*Records to process*.
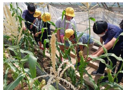
【とうもろこしの収穫】
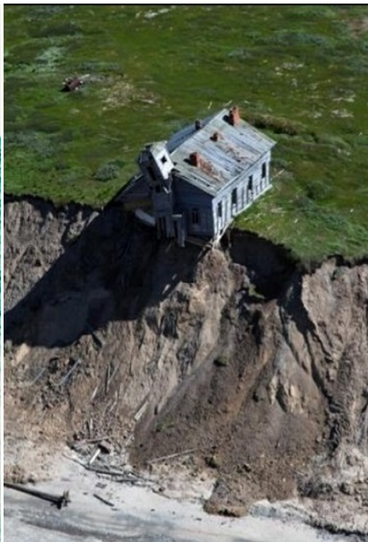
Остров Моржовец.
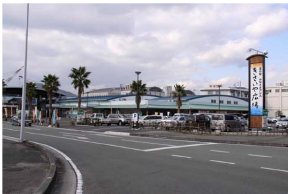
交流拠点施設「きさいや広場」
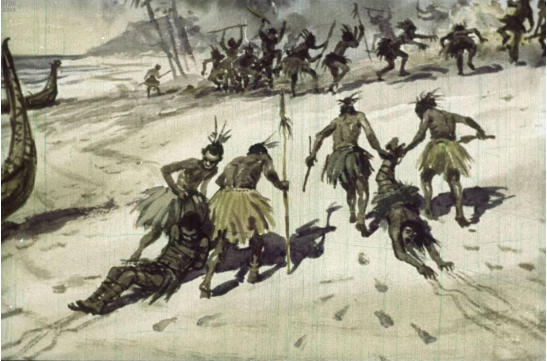
Ди́кари развели костёр, вытащили из лодок 2 пленников и поволокли к костру.
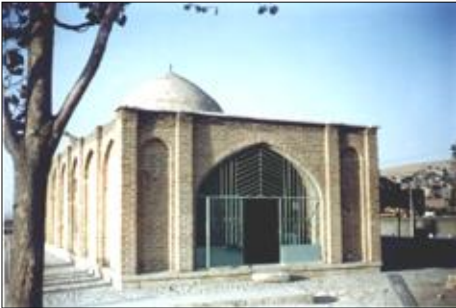
نارامگا و مهزاري بداغ سوئتان نه مهاباد
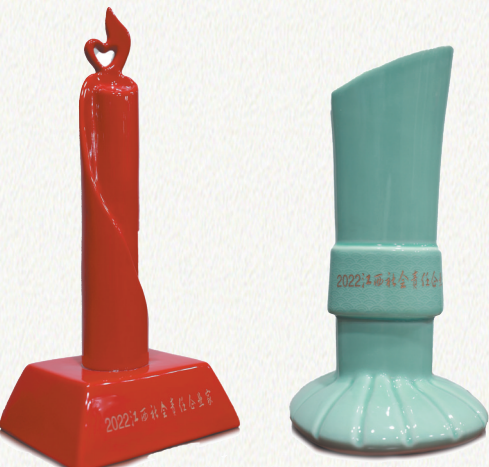
2022江西社会责任企业(企业家)奖杯
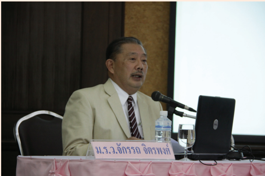
ปาฐกถาครั้งที่ ๖ วันศุกร์ที่ ๑ มิ.ย. ๒๕๕๕ เรื่อง "วีรกรรมของสมเด็จพระเจ้าบรมวงศ์เธอ กรมพระยาดำรงราชานุภาพ"
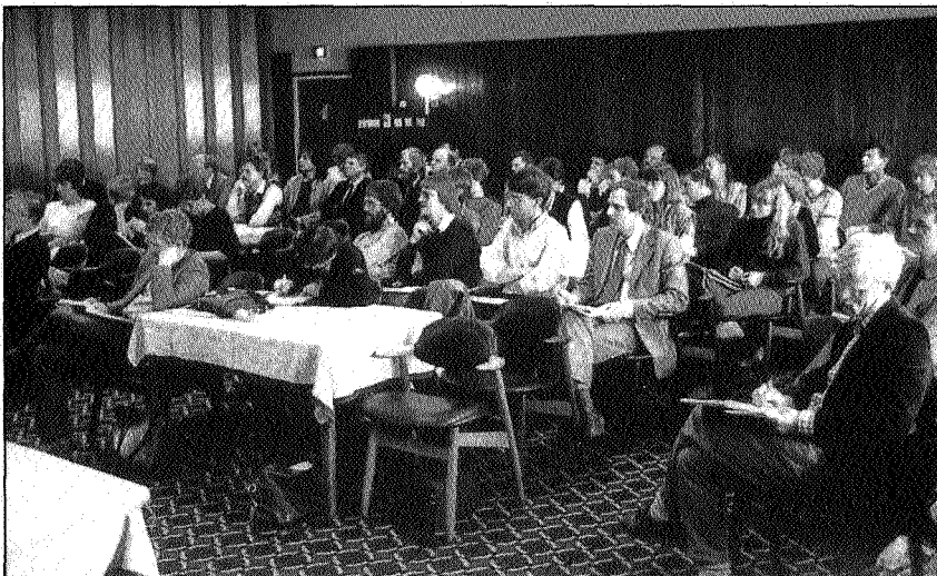
Voorlichting over IMP's

essentie niet worden gesjoemeld en dat dreigt te gebeuren wanneer allerlei doelgroepen moeten worden gespaard terwille van bepaald imago. Daar komt nog bij dat sommige milieuorganisaties intern verdeeld zijn over de vraag welk imago moet worden gerealiseerd: dat van de aktiepartij of dat van de overlegpartij (om maar twee varianten te noemen). Het kan, hoe dan ook, geen kwaad de vinger aan de pols te houden en periodiek op een eenvoudige manier na te gaan welk beeld de doelgroep heeft van de betrokken milieuorganisaties: dergelijke onderzoeken kunnen nuttige beleidssuggesties opleveren, de universiteiten zijn er goed voor.
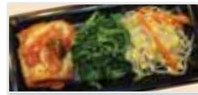
Namuru Set ナムルセット $3.95
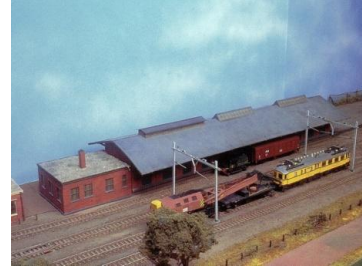
Loods van Gendt en Loos

Het begon allemaal heel simpel. We hadden op de FLEXbaan al een station staan, dat in de verte wel wat leek op het station van Helmond. In eerste instantie zouden we dat uitbouwen. Maar al snel kwamen we tot de conclusie dat we het hele emplacement wilden namaken, vanaf de brug over het kanaal tot aan de plek waar nu de tunnel ligt bij de Burgemeester van Houtlaan.
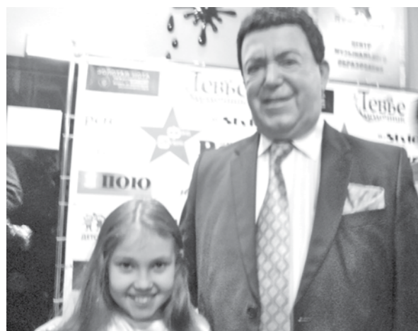
София Овчинникова вместе с членом жюри конкурса Иосифом Кобзоном.
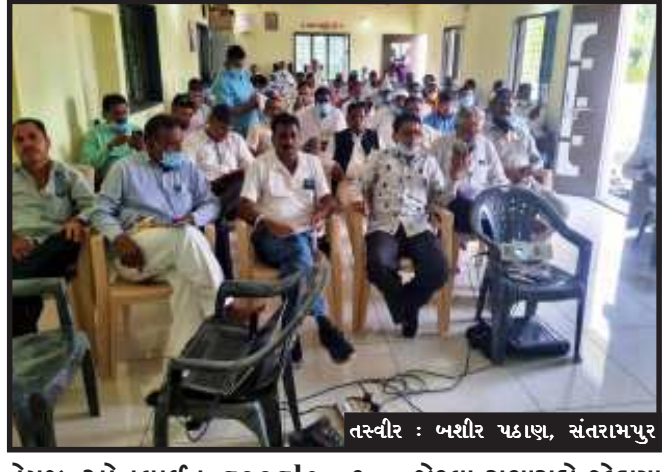
તેમજ ઓનલાઈન Google Meet માદ્યમથી અંદાજિત ૧૦૦ જેટલા સભાસદો જોડાયા સભાની શરૂઆત દિપ પ્રાગટ્ય

*Exercise objective*.
The answer must be the part of the records that opens with the line containing "Ди́кари развели костёр, вытащили" and closes with the line containing "Voorlichting over IMP's", reproduced exactly, with no pictures.

*Exercise solution*.
Ди́кари развели костёр, вытащили из лодок 2 пленников и поволокли к костру.
نارامگا و مهزاري بداغ سوئتان نه مهاباد
2022江西社会责任企业(企业家)奖杯
ปาฐกถาครั้งที่ ๖ วันศุกร์ที่ ๑ มิ.ย. ๒๕๕๕ เรื่อง "วีรกรรมของสมเด็จพระเจ้าบรมวงศ์เธอ กรมพระยาดำรงราชานุภาพ"
Voorlichting over IMP's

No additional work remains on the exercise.